Analysis of infiltrating immune cells

The relative fractions of diverse cell subsets were accurately calculated by Cell-type Identification By Estimating Relative Subsets Of RNA Transcripts (CIBERSORT) approach, according to the normalized mRNA expression data of 332 HCC patients (13). The following parameters were set: perm =100, QN =TRUE [perm is an integer number for the number of permutations, and QN is a Boolean value (TRUE or FALSE) for performing quantile]. Next, the fractions of infiltrating immune cells were integrated with TP53 mutation, TMB, and mRNA expression data of 332 HCC patients, according to patient ID and the corresponding clinical data.

Gene set enrichment analysis (GSEA)

The normalized expression data of all genes were acquired for conducting GSEA. GSEA, performed by MSigDB, was used to identify the pathways that were significantly enriched between the two immunotype subgroups, according to the selected signature. The number of random sample permutations was defined as 1,000. If a gene set had a positive enrichment score, then the set was termed “enriched”, which implied that the majority of the genes in the set had higher expression, accompanied by a higher risk score (14).

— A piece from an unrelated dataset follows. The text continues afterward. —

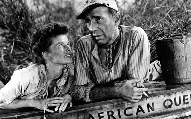 Pero da igual porque existen Charlie Allnut y Rosie Sayer. Bogart, un actor del que no se puede decir que fuera dúctil, siempre sorprenderá por su papel de desastrado y borrachín marino de agua dulce, que despierta una ternura muy difícil de definir, y que delata a un intérprete de extraordinaria generosidad, capaz de encarnar un personaje en las antípodas de su imagen estelar sin importarle su aparente vulgaridad y arriesgándolo todo: solo la escena en que imita a los monos y a los hipopótamos para hacer reír a su amada vale ya por toda una carrera. Por eso, incluso quienes sienten una completa indiferencia por las famosas estatuillas doradas consideran que en este caso el premio estuvo totalmente justificada. Hepburn, con 44 años, encarnaba por primera vez un rol que desde entonces repetiría en más de una ocasión, el de solterona que encuentra una última oportunidad para el amor cuando ya se creía agostada para siempre. Desde los primeros momentos de la historia, en que aparece seca y envarada como un junco inflexible, hasta su rendida caída en los brazos del amor, que incluso hace que se vaya embelleciendo poco a poco a lo largo de la película, la actriz crea uno de los personajes más imborrables de su carrera. Asistir al juego de miradas y gestos cómplices entre Bogart y Hepburn —pocas veces unos actores han sabido tocarse como ellos dos en una película— supone la mejor definición del calor y la ternura entre una pareja en el cine.

Gene set variation analysis (GSVA)

Pathway analyses were predominantly performed on the 50 hallmark pathways described in the molecular signature database by GSVA package. To reduce pathway overlaps and redundancies, each gene set associated with a pathway was trimmed to contain only unique genes, while all other genes associated with two or more pathways were removed. Most gene sets retained >70% of their associated genes (15).

Gene Ontology (GO) classification analysis

All differentially expressed genes, screened under conditions of |log2FC| >1 and FDR (adjusted P value) <0.05, were subjected to GO classification [GO-BP (biological process), GO-CC (cellular component), and GO-MF (molecular function)] to assign these genes to relevant GO Terms. R package org.Mm.eg.db was used to perform annotation and visualization (16). In particular, gene symbols of differentially expressed genes were converted to gene IDs, and the latter were subsequently used for functional enrichment analysis. Five immune-associated GO terms, with P values below 0.05, were visualized using bubble plots. Details of the genes belonging to particular GO terms with their fold change values were presented as circus plots using the “GOplot” library (17).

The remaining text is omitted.